Приезжий был щуплый человечек в потертом аляпововом пиджачке. Личико у него было черное и сморщенное, как у престарелой обезьянки. Опять запел хор, – малыши встали все шестеро и пропели безголосо, писклявыми испуганными шепоточками, – и все это время прихожане в какой-то оторопи глядели на замухрышку, присевшего рядом с монументальной тушей пастора и от этого казавшегося еще щуплей и захудалой. Все так же оторопело, не веря глазам, сидели они и слушали, как пастор, встав, представлял гостя собравшимся в сочных и раскатистых тонах, елейная торжественность которых лишь подчеркивала весь мизер приезжего.
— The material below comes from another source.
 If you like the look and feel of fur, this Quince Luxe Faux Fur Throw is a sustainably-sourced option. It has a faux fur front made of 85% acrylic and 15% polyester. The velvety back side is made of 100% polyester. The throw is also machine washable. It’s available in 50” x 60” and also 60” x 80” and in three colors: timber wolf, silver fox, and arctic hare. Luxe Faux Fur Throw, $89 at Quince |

– И стоило везти такое к нам аж из Сент-Луиса, – шепнула Фрони.
– Что ж, я видывала и почудней орудия божьи, – ответила Дилси. – Тш-ш-ш, – зашептала она Бену. – Они запоют сейчас снова.
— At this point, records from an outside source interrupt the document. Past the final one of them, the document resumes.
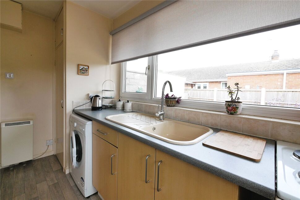 With dual aspect double glazed windows and a range of base and wall kitchen units with contrasting work surfaces and an inset sink with mixer tap and tiled splash backs. There is an electric cooker point, built in larder and airing cupboard, plumbing and space for an automatic washing machine.
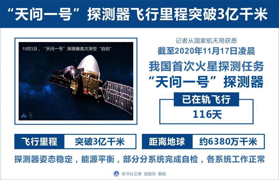 “天問一號”探測器飛行里程突破3億千米
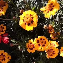 万寿菊是菊科万寿菊属一年生草本植物,别名孔雀菊、缎子花、臭菊花、西番菊、红黄草、小万寿菊、臭芙蓉、孔雀草。万寿菊茎近基部分枝。叶羽状分裂,长5-10厘米,宽4-8厘米,裂片长椭圆形或披针形,具锐齿,上部叶裂片齿端有长细芒,叶缘有少数腺体。头状花序单生,径5-8厘米,花序梗顶端棍棒状。总苞长1.8-2厘米,径1-1.5厘米,杯状,顶端具尖齿。舌状花黄或暗橙黄色,长2.9厘米,舌片倒卵形,长1.4厘米,基部成长爪,先端微弯缺。管状花花冠黄色,长约9毫米,冠檐5齿裂。瘦果线形,被微毛;冠毛有1-2长芒和2-3短而钝鳞片。花期7-9月。万寿菊中国各地均有栽培,在广东和云南南部、东南部已归化,国外原产墨西哥。万寿菊对土壤要求不严,但以肥沃疏松排水良好的土壤为好。耐移栽,种子发芽适温21-24℃,植株生长适合温度为20-29℃。喜温暖和阳光充足的环境,不
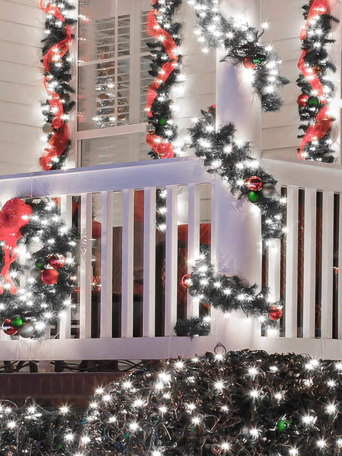 - Upgraded Solar Christmas Lights Outdoor : These solar string lights are equipped with super-bright LED beads and an enhanced solar panel for higher energy conversion. The green wire matches the color of your Christmas tree perfectly, while the LED lights create a cozy holiday atmosphere for your home. Each set contains 4pcs of string lights, each string light is 33ft long with 100LEDs + 4.9ft leading wire
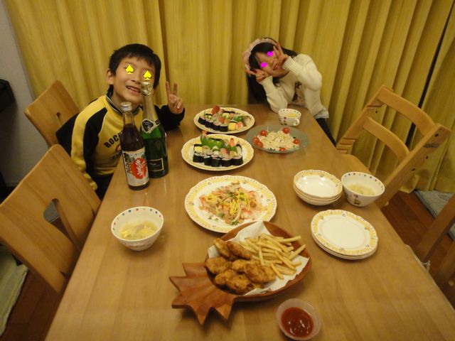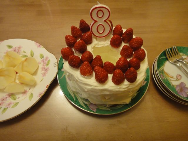 お誕生日 子育て 2013.01.26(土) 夕方から《とり》のお誕生日会をしました。《へび》の体調がよくないので、あまり料理が作れず、お弁当用に作っておいたナゲットを揚げてサラダとスープを作って簡単に済ませました。ケーキは前日にシフォンケーキを作っておいたので、《いぬ》がクリームとイチゴをのせました。
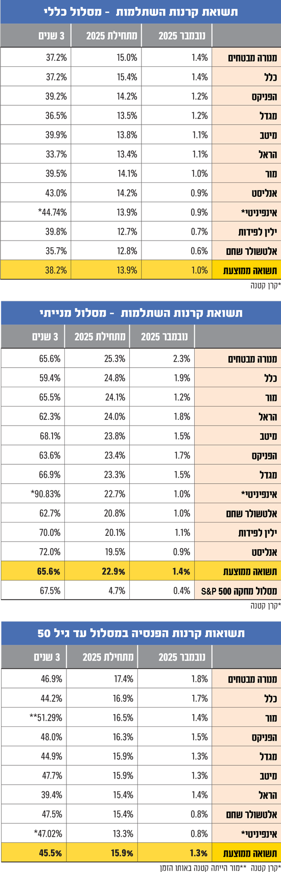 החוסכים בקרנות השתלמות והפנסיה יכולים לחייך אחרי עוד חודש מצוין: החוסכים במסלולים הכלליים נהנו בנובמבר 2025 מתשואה חיובית של כ-1%, ואלה במסלולי המניות מ-1.4%.
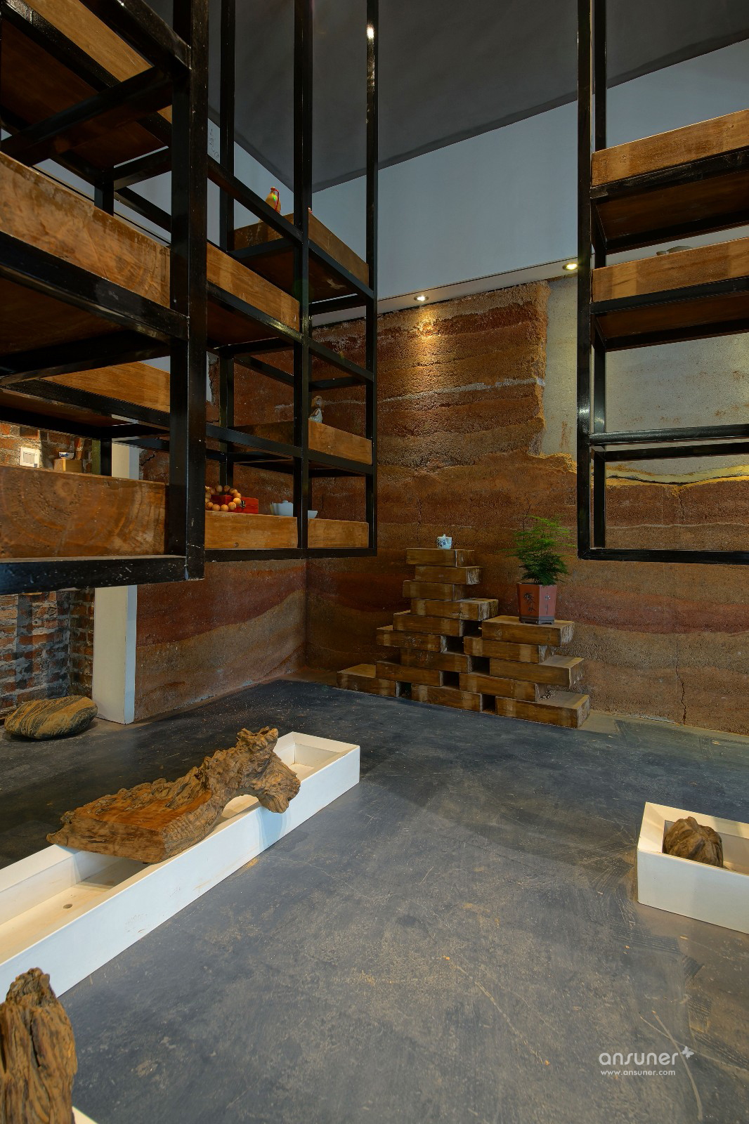主要材料:自流平、红砖、麻石
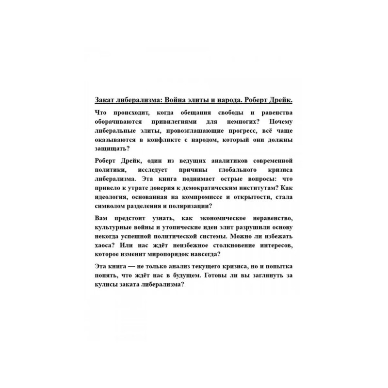 Закат либерализма: Война элиты и народа. Роберт Дрейк. Что происходит, когда обещания свободы и равенства оборачиваются привилегиями для немногих? Почему либеральные элиты, провозглашающие прогресс, всё чаще оказываются в конфликте с народом, который они должны защищать?Роберт Дрейк, один из ведущих аналитиков современной политики, исследует причины глобального кризиса либерализма. Эта книга поднимает острые вопросы: что привело к утрате доверия к демократическим институтам? Как идеология, основанная на компромиссе и открытости, стала символом разделения и поляризации?Вам предстоит узнать, как экономическое неравенство, культурные войны и утопические идеи элит разрушили основу некогда успешной политической системы. Можно ли избежать хаоса? Или нас ждёт неизбежное столкновение интересов, которое изменит миропорядок навсегда?Эта книга не только анализ текущего кризиса, но и попытка понять, что ждёт нас в будущем. Готовы ли вы заглянуть за кулисы заката либерализма?
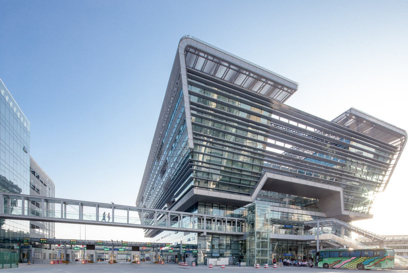 文锦渡口岸旅检区域主要由新建联检综合楼,出入境小(客)车查验通道及停车楼等建筑组成。其中,联检综合楼建筑高度约30.4米,地上六层,局部地下一层,建筑面积20322平方米(含地下室)。停车楼建筑面积约22050平方米,设停车位500多个。
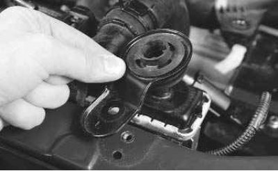 14. Осмотрите подушки верхних опор радиатора. Сильно деформированные или затвердевшие подушки замените.
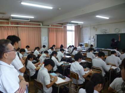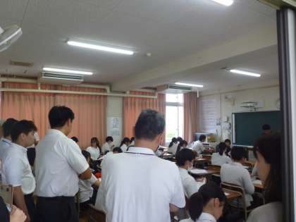 今日の6限目 3年2組の社会科の授業では、石田先生の研究授業が行われています。大阪市の社会科の新任教員2年目の教員と、大阪市総合教育センターより指導主事も来校され、授業観察にきています。
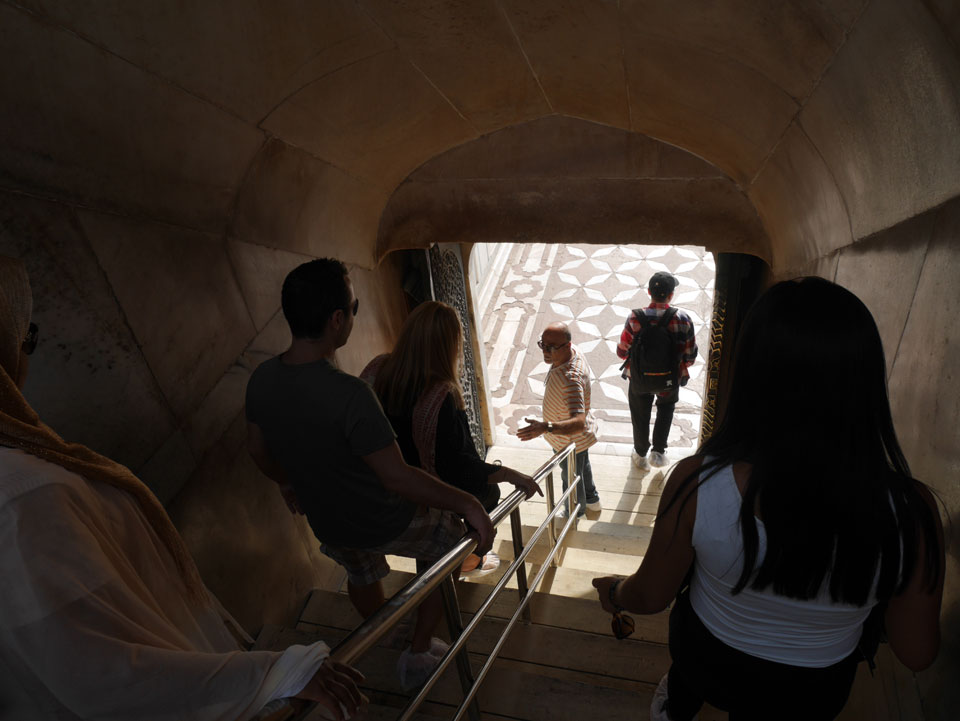 Wir kamen rein, ich hatte meine Müsliriegel noch schnell gemampft. Jemand musste Kekse abgeben. Gut, drin und so früh mal ein etwas anders Licht. Ich wunderte mich immer noch, wie viele Leute doch zu den Frühaufstehern gehörten. Alle schossen natürlich ihre Bilder und ich war auch gut beschäftigt. Das zweite Mal hier, war eben alles doppelt. Ein Minarett war inzwischen ohne Baugerüst. Müll lag dennoch ab und zu herum, was ich nicht ungewöhnlich fand, jemanden aber schon störte.
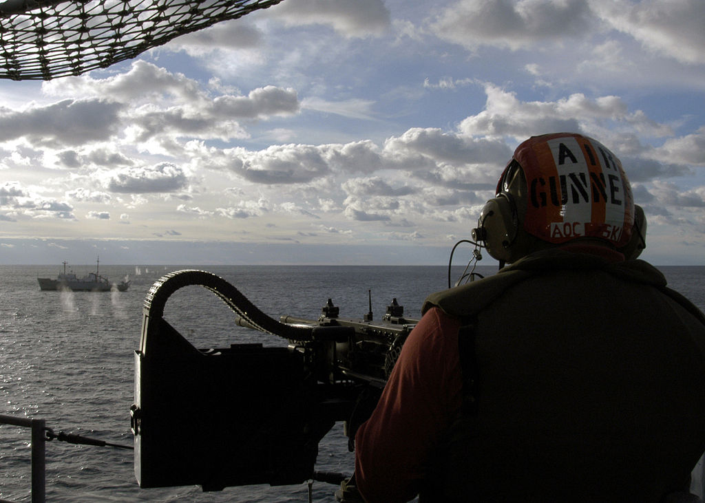 120k | AOC Scott Kuczynski, fires a twin .50-caliber machine gun aboard USS Saipan (LHA-2) at the decommissioned

Гость поднялся и заговорил, и речь его звучала как речь белого. Голос у него оказался бесстрастный, холодный, несоразмерно зычный. И они прислушались – из любопытства, как если бы мартышка вдруг заговорила. Стали следить за ним, как за канатоходцам. Даже невзрачность его позабыли – так виртуозен был этот бег, балансировка и скольженье по ровной и холодной проволоке голоса; и когда наконец, плавно и стремительно сойдя на низы, он смолк, стоя у аналоя, положив на него поднятую на уровень плеча руку, а обезьяньим своим тельцем застыв, как мумия или как опорожненный сосуд, слушатели вздохнули и пошевелились, точно пробуждаясь от сна, приснившегося всем им сообща. Позади кафедры хор обмахивался веерами не переставая. Дилси прошептала: «Тш-ш. Запоют, запоют сейчас».
И тут раздался голос:
– Братие.
Проповедник не изменил позы. Не снял с аналоя руки, так и стоял недвижно, пока голос затухал в гулких отзвуках меж стенами. Как день от ночи, разнился этот голос от прежнего; печалью тембра напоминая альтгорн и западая в сердца их, он заново звучал там, когда уже и эхо кончило накатывать, затихло.
– Братие и сестрие, – раздалось снова. Проповедник убрал руку, заходил взад-вперед пред аналоем – убогая, в три погибели скрюченная фигурка человека, давно и наглухо замуровавшегося в борьбу с беспощадной землей. – Во мне жива память и кровь агнца божьего! – Сгорбясь, заложив руки за спину, он упорно вышагивал из угла в угол помоста под колокольцем и бумажными фестонами. Он был как стертый обломок утеса, снова и снова захлестываемый, крушимый волнами собственного голоса. Казалось, он телом своим питает этот голос, что, как упырь, впился в него и поглощает на глазах у них всех, и вот уже не осталось ни его, ни их, ни даже голоса, а одни лишь сердца говорили с сердцами в поющих ладах, и в словах уже не было нужды, – и когда он застыл, заведя руку на аналой для опоры, задрав обезьянье лицо, точно распятый в светлой муке, преодолевшей, лишившей всякого значения неказистость его и убогость, – протяжный выдох-стон исторгся из слушателей, и чье-то сопрано: «Да, Иисусе!»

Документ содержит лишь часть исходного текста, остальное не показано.